Six major cell clusters were identified from public scRNA-seq datasets. These clusters included endothelial cells, Natural killer T (NKT) cells, fibroblasts, B cells, tumor cells, and proliferative tumor cells (Fig. 6A). Further gene expression characteristics were used to demonstrate the marker genes of various cell types. For instance, genes highly expressed in B cells included CD79A and MS4A1, endothelial cells specifically expressed PLVAP, VWF, and EMCN, fibroblasts specifically expressed COL3A1 and COL1A2, NKT cells specifically expressed GZMA, NKG7, and GNLY, while proliferative tumor cells and tumor cells expressed specific tumor marker genes such as MKI67 and EPCAM, respectively (Fig. 6B). Comparison of the proportions of various cell types in the samples revealed that tumor cells accounted for the highest proportion, reaching 42%, followed by endothelial cells and B cells, each accounting for 19%, fibroblasts accounting for 17%, and NKT cells and proliferative tumor cells accounting for the smallest proportions (Fig. 6C). Finally, the expressions of key hub genes in different cell types was further analyzed. These results demonstrated that TGFB1, CDKN2A, and CDC20 were significantly expressed in proliferative tumor cells, CTSS was most prominently expressed in B cells, while VIM was expressed in multiple cell types (Fig. 6D).

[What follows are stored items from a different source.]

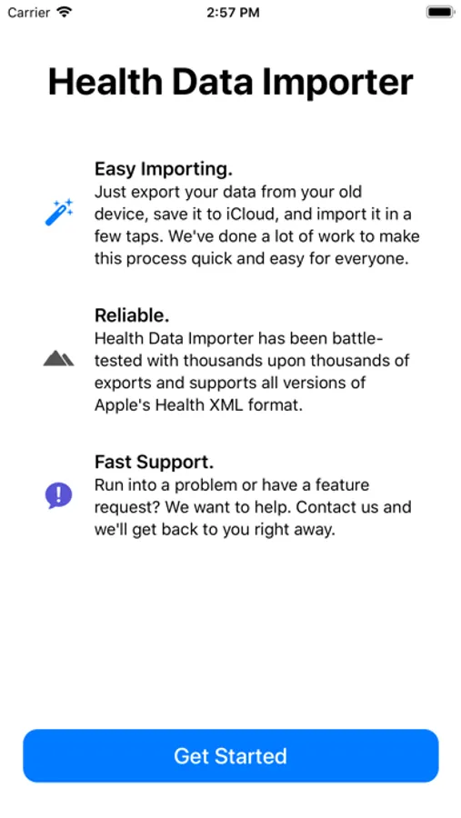 Health Data Importer is the easiest, fastest, and most reliable way to transfer your Health data from your old phone to your new one. Don't depend on other apps that might lose your data—Health Data Importer is battle-tested with thousands of users and supports all versions of Apple's Health XML format. Start fresh without a backup when you get your new device and easily import your existing health data. Health Data Importer imports all Health data except Activity Summaries, Stand Hours, Exercise Time, and Nike Fuel data (these are API limitations).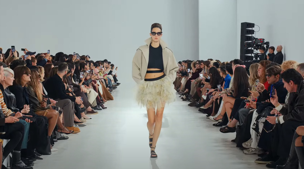 첫인상은 단단한 구조를 휘감는 유연함이었다. DJ 조니 다이넬(Johnny Dynell)이 클럽 비트와 실내악을 리믹스한 사운드가 울려 퍼지자, 완벽한 시뇽 헤어에 검은색 헤어밴드를 한 모델이 막스마라의 시그니처 카멜 코트를 입고 등장했다. 절제된 팔레트 위에 뜻밖의 오간자 레이어와 플로럴 패턴이 더해져 로맨틱한 분위기를 연출했다. 트렌치코트의 소매, 미디 스커트 허리에는 말린 꽃잎을 켜켜이 쌓아올린 듯한 오간자 아플리케와 러플을 풍성하게 더했다. 특히 오간자 패널을 더한 트렌치 재킷은 수채화처럼 번진 텍스처가 걸음을 따라 바람을 머금듯 일렁였다. 또 다른 키 룩으로는 와이드 라펠을 뒤로 젖혀 목선과 쇄골을 드러내는 재킷이 있었다. 단호한 구조 속에서 슬쩍 흘러나온 관능과 도발이 매력적이었다.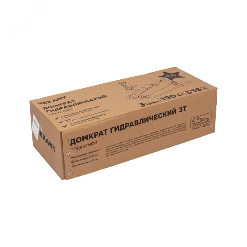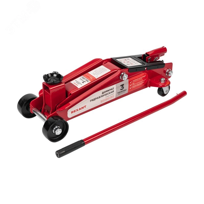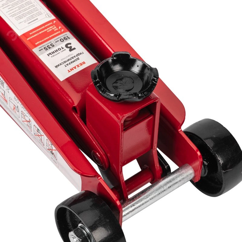 Домкрат гидравлический подкатной 3 т Rexant, с высоким подъемом - представляет собой устройство с гидравлическим механизмом, предназначенное для поднятия автомобиля на заданную высоту. Отличается плавностью хода, надежностью и жесткостью конструкции. За счет высокого подхвата используется для автомобилей с увеличенным дорожным просветом. Данный вид домкрата подходит для самостоятельного обслуживания автомобиля. Клапан безопасности не дает поднимать груз тяжелее 3 т, предохраняя домкрат от поломки.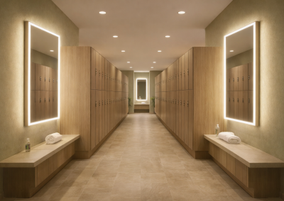 Institutions are the perfect fit for our mirrors. While not all the features are needed in this application, the lighted mirror is becoming a “must have” for these places. Even though this is typically a more basic mirror, their function and look are extremely popular in the health and wellness industry. Their demand is definitely trending upward!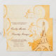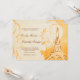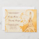Des perles de billow et de curl autour d'une tour Eiffel en sienne brûlée dessinée à la main contre un damas somptueux, fleuri jaune et orange, accentué de petites touches d'un motif de pandelier stylisé. Un poème d'amour français est faiblement inscrit dans l'arrière - plan crème, fournissant l'accompagnement parfait à la formulation personnalisable faire-part de mariage dans le script et les polices de style gravure, également dans le sienne brûlée.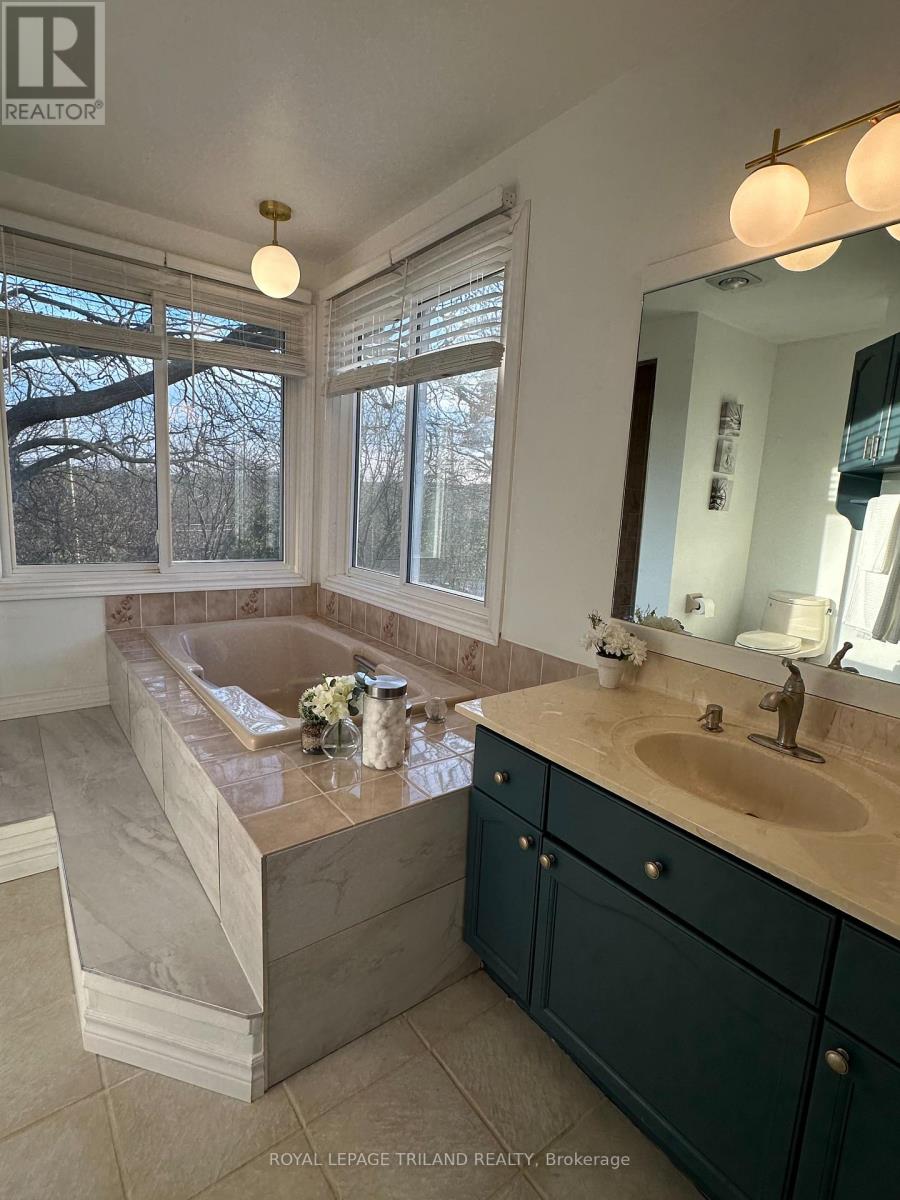 Welcome to 71 Chalfont Road - a rare urban retreat that feels like a private cottage escape, right in the heart of the city. Located in a quiet cul-de-sac with an extra-large pie-shaped lot (174 feet) overlooking the river's edge ravine, this home features an elevated sundeck, gardens, and mature trees. This beautifully maintained two-storey home offers 4+2 bedrooms and 3.5 bathrooms, thoughtfully designed for both everyday living and entertaining. Upon entry, you're welcomed by a gracious front living room ideal for guests, while a separate family living area with a cozy fireplace creates a warm and inviting atmosphere for daily life. Toward the back of the home, the kitchen and dining area overlook a stunning backyard through large windows, offering picturesque views that change beautifully with the seasons. This home truly allows you to experience all four seasons from the comfort of your own space. Upstairs, the primary bedroom features a walk-in closet and a 5-piece ensuite with a Jacuzzi tub, along with generously sized additional 3 bedrooms. The fully finished basement adds exceptional versatility, complete with a sink and cabinetry, making it ideal as a kitchenette - perfect for extended family, guests, or flexible living arrangements and 5th/6th bedroom, a 3-piece bathroom, a large recreation room, and a storage/utility room. Just a 1-2 minute walk to John Dearness PS. From the backyard gate, cross the street and within less than 1 5 minute walk enjoy direct access to the Thames Valley river trail and Springbank Park, one of London's most sought after green spaces, ideal for daily walks, biking, and nature enjoyment. Updates include: Roof and Windows (2019), Newly Painted (2025), Pot Lights on the main floor, and Appliances (2018) including a Refrigerator, Dishwasher, Washer & Dryer, along with updates to the powder room and 2nd-floor bathroom. (id:4555)

Cellular validation based on in vitro experiment

The possibilities of CDKN2A, VIM, TGFB1, CTSS and CDC20 as biomarkers of KIRC were further verified through in vitro experiments. The mRNA expression levels of these five genes were calculated, and it was found that the expressions of all these five genes in 786-O KIRC cells were significantly higher than those in 293T cells (Fig. 7A, p < 0.05). Since we observed a significant up-regulation of CTSS expression in KIRC cell lines relative to the other key genes screened, and its less studied in CTSS in KIRC. For this reason, the impact of CTSS silencing on the biological function of KIRC cells was investigated (Fig. 7B). CCK-8 results showed that silencing the expression of CTSS significantly reduced the proliferative capacity of 786-O cells (Fig. 7C, p < 0.001). Furthermore, the relevant results demonstrated that the silencing of CTSS led to a reduction in the migration and invasion capabilities of KIRC cells (Figs. 7D–7E, p < 0.001).